HIGH COURT OF MADHYA PRADESH : JABALPUR

W.P. No.15345/2016

Badri Prasad Jharia
-Versus-
Smt. Seeta Jharia

CORAM :

Hon’ble Shri Justice Vijay Kumar Shukla

Shri Ashok Lalwani, Advocate for the petitioner.
Shri Swapnil Ganguly, Advocate for the respondent.

ORDER

(21.04.2017)

In this writ petition preferred under Article 227 of the
Constitution of India, challenge has been made to the order dated
24-8-2016 passed in HMA Case No.33/2015 by the learned
Principal Judge, Family Court, Mandla whereby an application
submitted by the petitioner for DNA test of the respondent has been
rejected.

2. The factual expose, succinctly adumbrated in a nutshell
is that the petitioner got married with the respondent in the year
1999. He is a government servant posted as a clerk in the I.T.I.,
Chhindwara, whereas the respondent is posted as a teacher in
District Mandla. The parties are living at their respective places of
posting ever since after solemnisation of their marriage in the year
1999.

2

A petition for dissolution of marriage under Section
13(1) of the Hindu Marriage Act, 1955 is filed by the petitioner
against the respondent on the ground of adulterous behaviour
alleging that she is having extra-marital relationship.

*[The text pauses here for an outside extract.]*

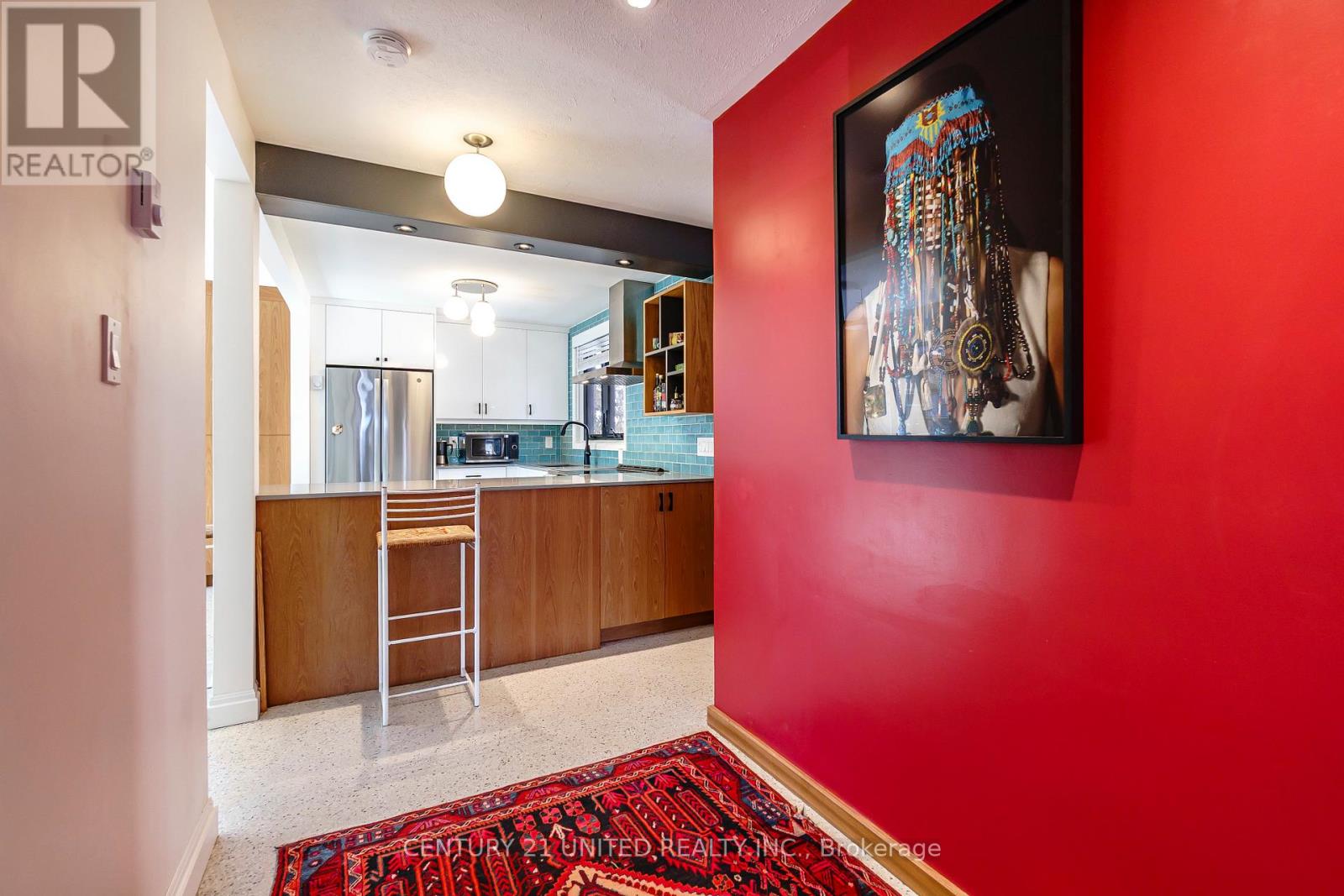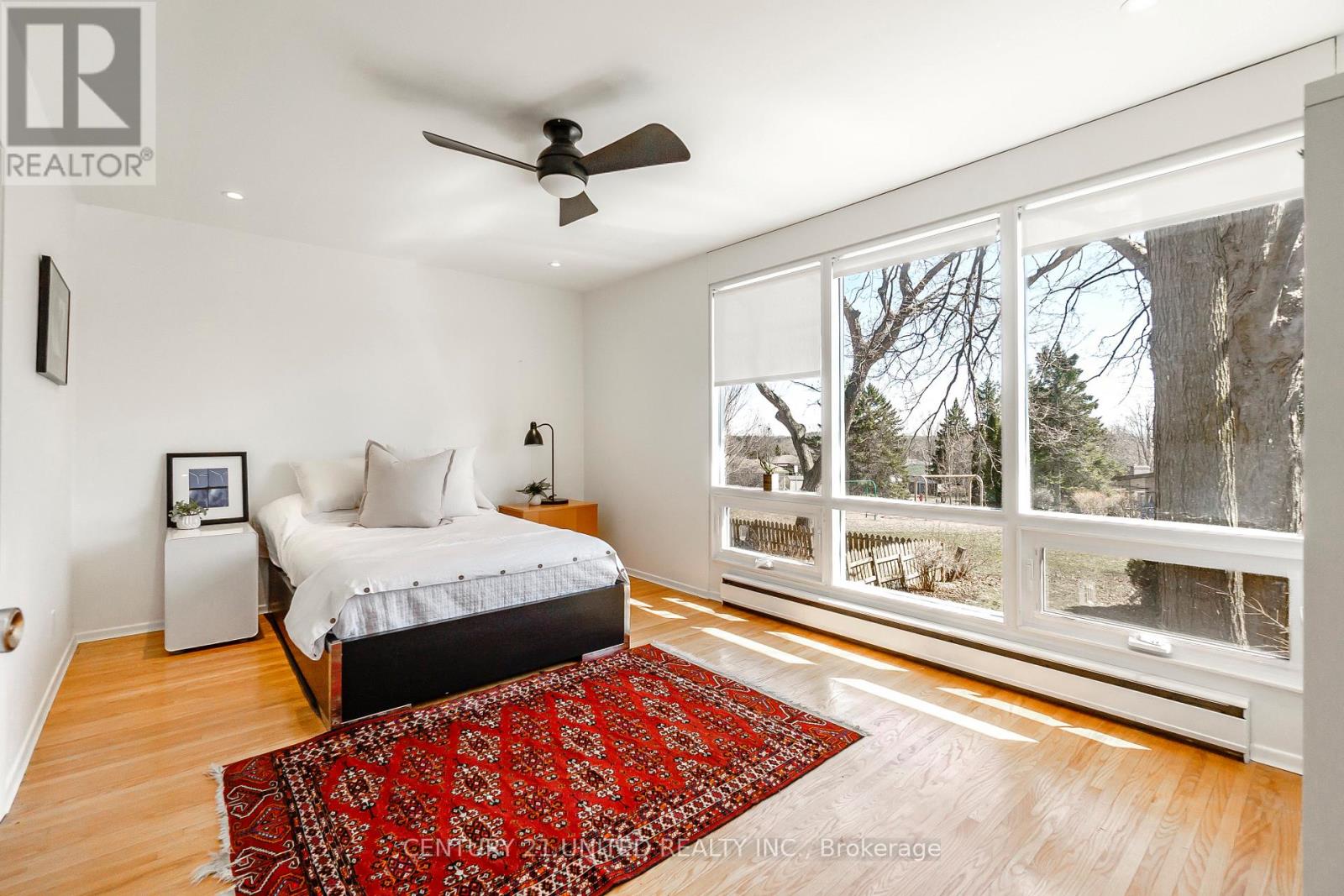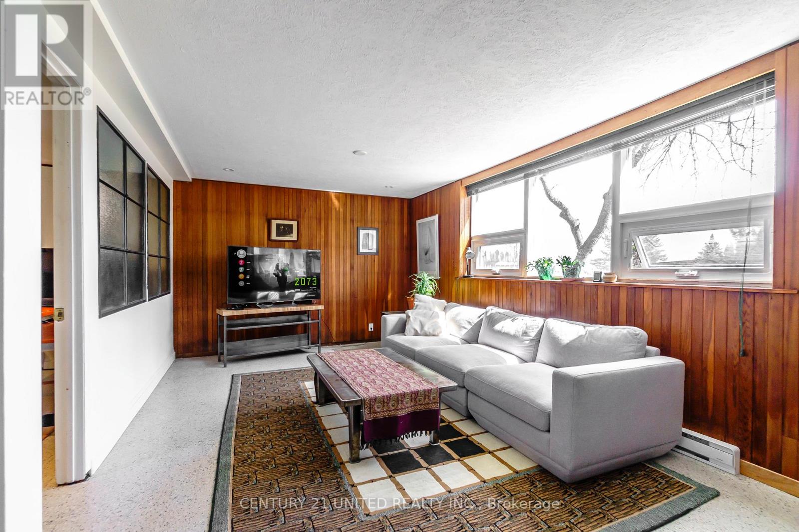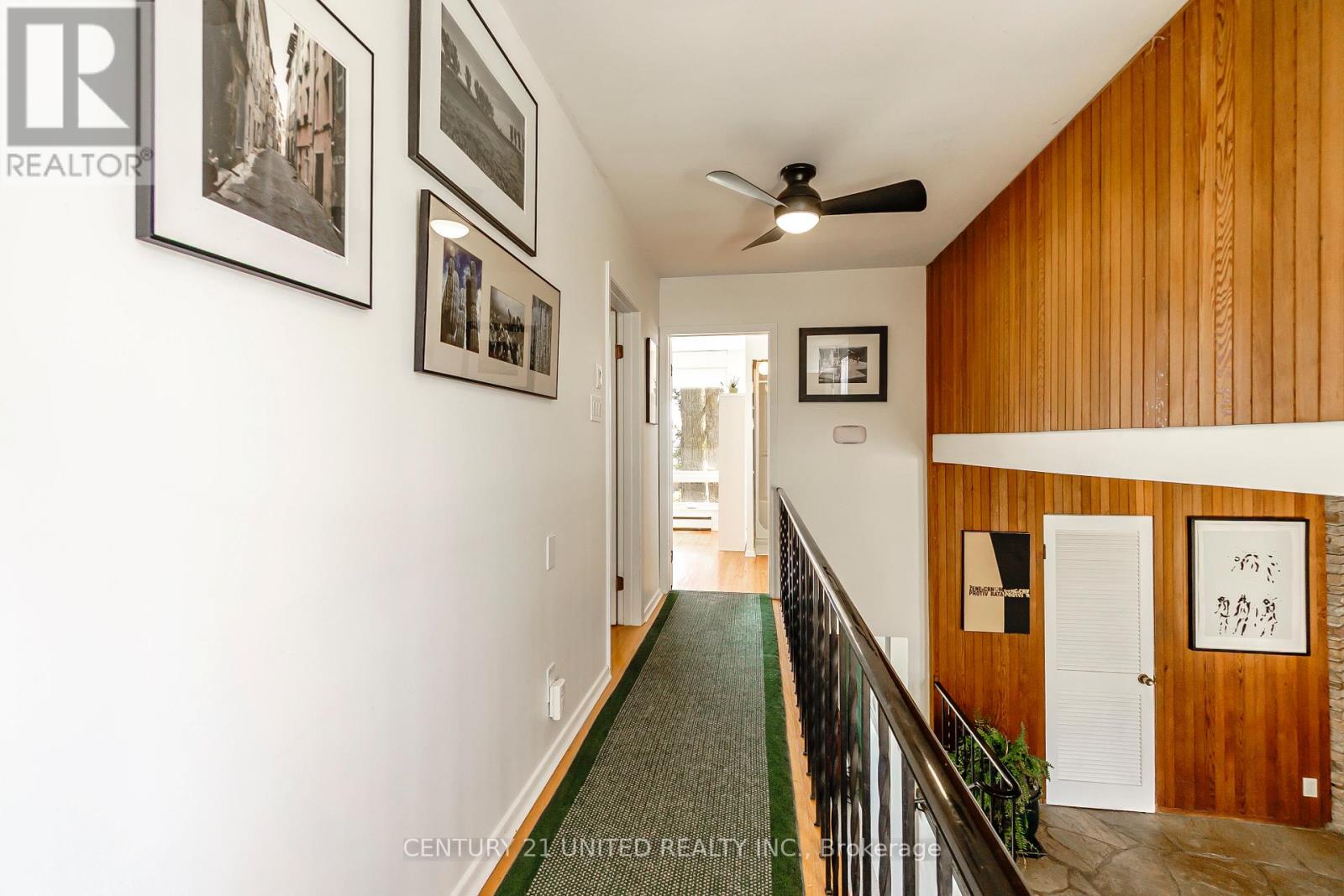 This custom-built mid-century modern masterpiece, completed in 1963, is a testament to the elegance of natural elements. The home features stone and cedar finishes, floor-to-ceiling windows that flood the interior with natural light, and an organic connection between indoor and outdoor spaces. Recognized for its design excellence, this home is a well-executed example of mid-century housing. The split-level construction creates an open concept while providing separate areas for privacy. The recessed entrance, floor-to-ceiling black-framed windows, polished concrete floors, modern and sympathetic kitchen renovation, renovated bath, ensuite bath, stone fireplace in the living room, and walk-out to a picturesque parkette add to the home's charm. Upgraded wiring, new pot lights, roof covering 2021, an attached garage with convenient access to the house, and a truly beautiful, warm, and inviting space make this home much larger than expected. The home boasts great curb appeal, a low profile that blends into the landscape, and an attractive circular driveway. A private sunny side patio just off the kitchen provides a convenient space for breakfast and lounging. Backed onto green space, this home is close to all amenities, schools, shopping, Trent University, trails, and Riverview Park and Zoo. Its quiet central location, friendly neighbourhood, green spaces for kids and dog walking, makes it an ideal choice. Heat and Hydro approx. $255.00 monthly average. This home will undoubtedly impress you. (id:61423)

3. The respondent-wife has also lodged a report against the
petitioner for commission of offence punishable under Section 494
of the Indian Penal Code. A child – Vatsla Jharia was born during
the wedlock of the petitioner and the respondent, but the petitioner
has alleged that she is not his daughter, as there was no cohabitation
with the respondent since the year 2006. It is submitted that the
petitioner is posted at Chhindwara since 26-4-2006, whereas the said
child has born in the year 2012.

4. The petitioner preferred an application before the
Family Court for DNA test of the child in order to ascertain
paternity of the child – Vatsla Jharia. In reply to the said application
the respondent has refused for the DNA test of the child and herself.
In addition to the denial in reply to the said application, she also
made a statement for refusal of the DNA test of herself and the
daughter. In this regard she had also made a specific note in the
order-sheet in her own writing, refusing for DNA test.

5. By the impugned order the said application has been
rejected by the Family Court on the ground that the respondent
cannot be compelled for the DNA test, when she had specifically
denied and refused for the said test. It is also mentioned in the
order-sheet that the application has been filed prior to adducing of
evidence before the Court below as the evidence is yet to commence
on behalf of the parties. The Court has also mentioned in the order-

3

sheet that adverse inference of refusal of DNA test by the
respondent shall be taken into consideration at the time of passing
final judgment and the case has been fixed for evidence.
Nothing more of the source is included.